And eventually to Drumcliff, to see
That quaint ancestral bone-house of the lord.
Holidayers with northern accents streamed
Through all day. 
Casting a cold eye of observation
On the grave for hours, from afar,
but not too far.
A father bribes his daughter—(or was it
his son?)—with a euro: to memorize
the epitaph, which puzzles me. Very
young, s/he was.

But anyways, to get back to the good
Dame. There was some type of Yeats conference
A(foot), unbeknownst to me, and I took
it as a good omen, planned at(ten)dance. 

Leaving the flyer in the center of
The square, I went to consult “Wild Turkey”
just a few times, prior to the appointed hour.

Now, it turns out, one had to pay a good
Deal to hear the good Dame’s discourse on Yeats.
There was some confusion when my turn came
in the roll.  It turns out you had to pay. 

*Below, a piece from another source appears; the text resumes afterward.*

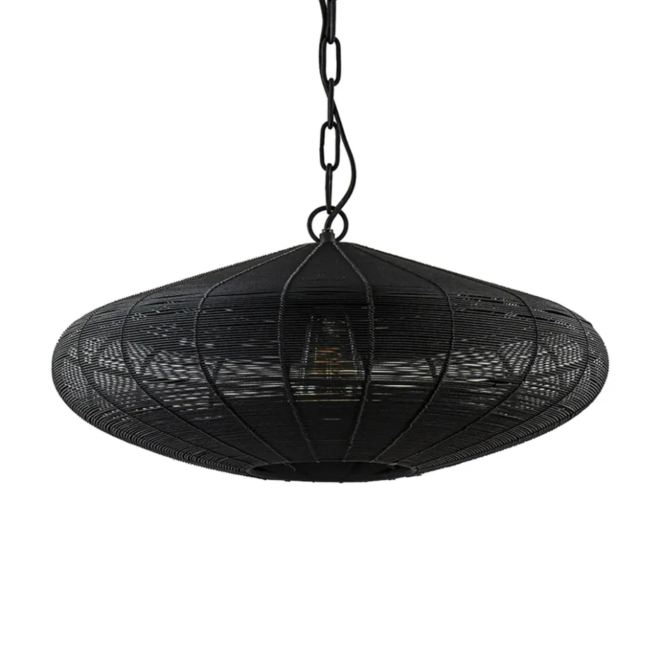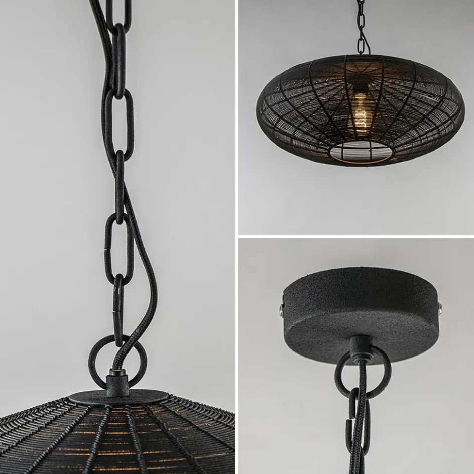Hanglamp Bahoto van Light and Living is een stoere draadlamp met een robuuste afwerking. De zwarte hanglamp heeft een extra matte afwerking wat de lamp een industriële en tevens chique look geeft. De ronde kap heeft een doorsnede van 51 cm en hangt aan een stevige ketting en plafondplaat. Bahoto heeft een maximale hoogte van 110 cm en is naar wens in te korten door er schakels tussenuit te halen. De mat zwarte draadlamp is dimbaar middels een externe dimmer (exclusief) en wordt geleverd exclusief lichtbron. Een leuke toevoeging boven een eettafel of salontafel.

I wasn’t on the list, but I said, “I
Am the Leithouse-Laureate!” And she
said: “But I'm sure you are.” And that ended
   It
More or less.  Made as graceful an exit
as I could . . . No, had someone photograph
Me with the Dame, as if the evidence
Could be used as some type of currency.

That night, after trying to let myself
be affected by Jorie Graham’s prose,
(They must have been moving as a unit),
For which I was slightly ridiculed on
   Return,
After the reading, back in the Turkey
Coop, I knew that my Pépère
   was gone.

The writing had been on the wall before
I left.  Standing on a chair, tried to get
His fifty-year-old Down-Syndromed daughter’s
Toothbrush down from above, he falls and breaks
His hip.  He had fought at “the Bulge,” hunted
Hitler’s Panzers with a hand-gun, and now,
And now he was crowned with despicable
medical care, tubes or syringe caps left
in the throat. 

A “V.A.” that has committed even greater betrayals to our younger men, now.

The emphysema he’d generated
Since receiving his army rations in
’44—now trebled by the immobility.
Days of drowning.  This was a bloody fluke
Whose splashing even you could not abate,
Walt Whitman: couldn’t grab onto your beard.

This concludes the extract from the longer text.